** Information shown follows **

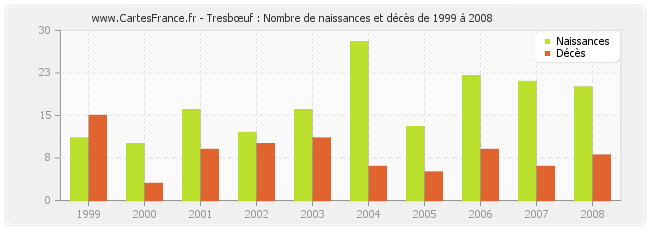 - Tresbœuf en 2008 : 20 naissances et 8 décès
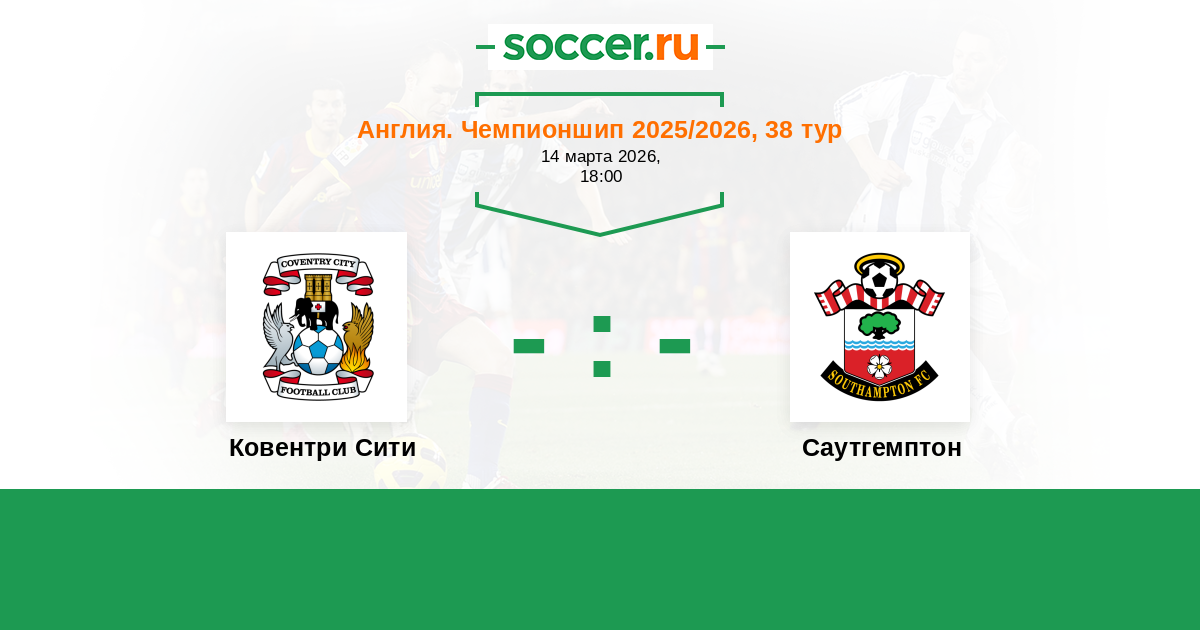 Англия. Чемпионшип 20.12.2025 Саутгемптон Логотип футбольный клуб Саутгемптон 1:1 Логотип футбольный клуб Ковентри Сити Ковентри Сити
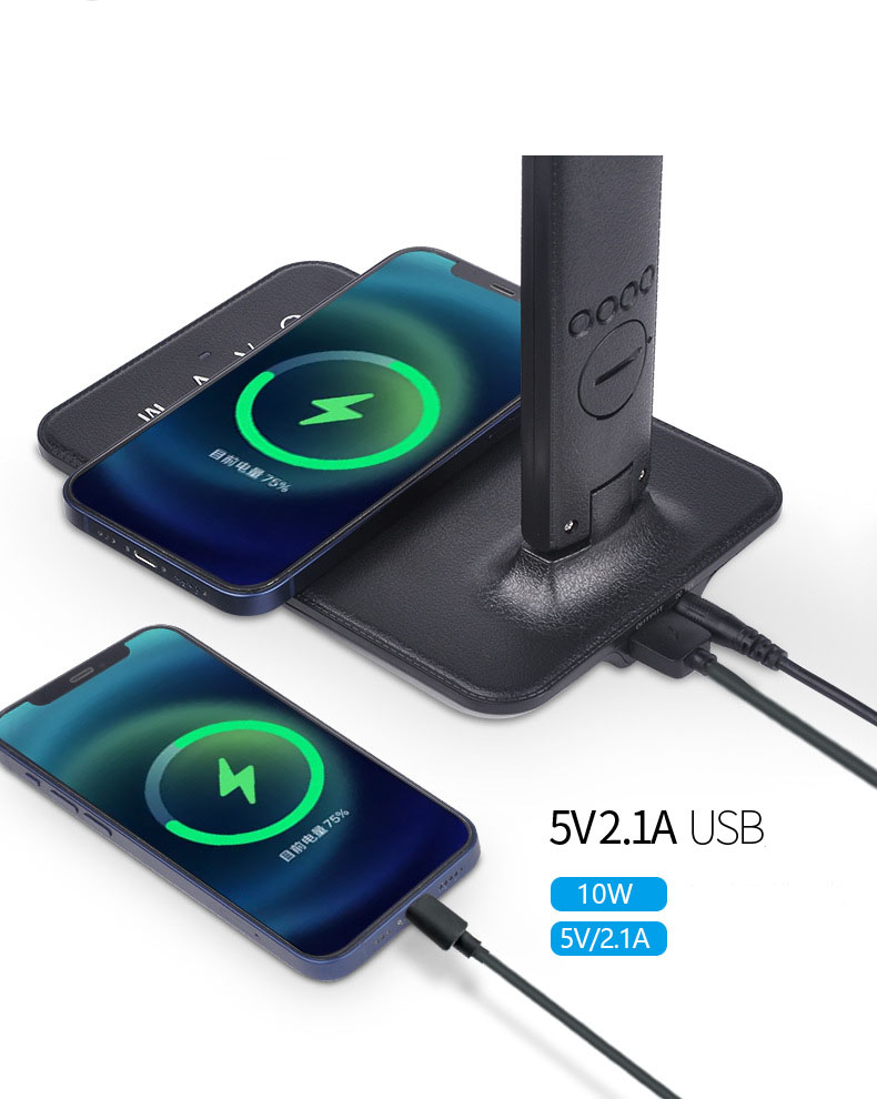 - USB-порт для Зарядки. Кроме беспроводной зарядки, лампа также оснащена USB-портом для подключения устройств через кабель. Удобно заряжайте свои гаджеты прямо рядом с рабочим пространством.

** End of Information shown **

Instructions to follow:
Give back the material exactly as written, from its first line to the line that contains "Англия. Чемпионшип 20.12.2025", and leave out the pictures.

Exercise answer:
 - Tresbœuf en 2008 : 20 naissances et 8 décès
 Англия. Чемпионшип 20.12.2025 Саутгемптон Логотип футбольный клуб Саутгемптон 1:1 Логотип футбольный клуб Ковентри Сити Ковентри Сити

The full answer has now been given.